Thanks to everyone who came to my gig at Sandy Hill Arts last night – I had such a great time and a huge relief as you can probably tell from this stream-of-consciousness poem I wrote the week before about my performance anxiety…

If I was a bit wiser
I would say hold onto
Yourself, there is
No need for the
Knife, the rope,
Such crisis, such
Catastrophising and
Yet on the night
I find I’m standing
Tall and when I
Open my mouth
A sweeter sound
Comes out and perhaps
None of those faces
Watching me are
Seeing the survivor
The angst, the anxiety
That leaves me
Crippled, strung up
Like a Christmas turkey
Unable to think
Clearly, see clearly
Understand that
In the grand scheme
Of things, singing
Songs is not life-
Threatening, it is
What it is
A moment of clarity
The chance to uplift
Comfort and inspire
A moment to realise
My own courage
No guns, no bombs
Just me and a guitar.

Emily and her friend Jody Prewett performed to a packed room at Sandy Hill Arts in Corfe Castle last night.  Thanks to everyone who came and to Melissa Viney and the other trustees for having us.
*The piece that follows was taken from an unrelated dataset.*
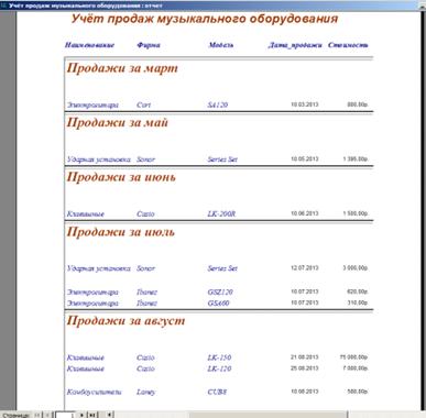 Рисунок 45 - Отчёт «Учёт продаж музыкального оборудования»

Emily is mainly doing private house concerts this year so if you have a living room and some friends who might like to hear her songs, please get in touch with her (click here for more info).

Her other public gigs in the coming months are Soho Folk and Blues (6 March – sold out), South Wraxall Club (21 March), Red Lion Folk Club, Birmingham (9 April), The Dog & Fox Inn, Bradford-on-Avon (12 April), Green Note, London (16 April), Liberal Hall, Orpington (26 April), Gaunts House, Wimborne (17 May) and Twickfolk, London (22 June).  Details can be found on Emily’s gig page.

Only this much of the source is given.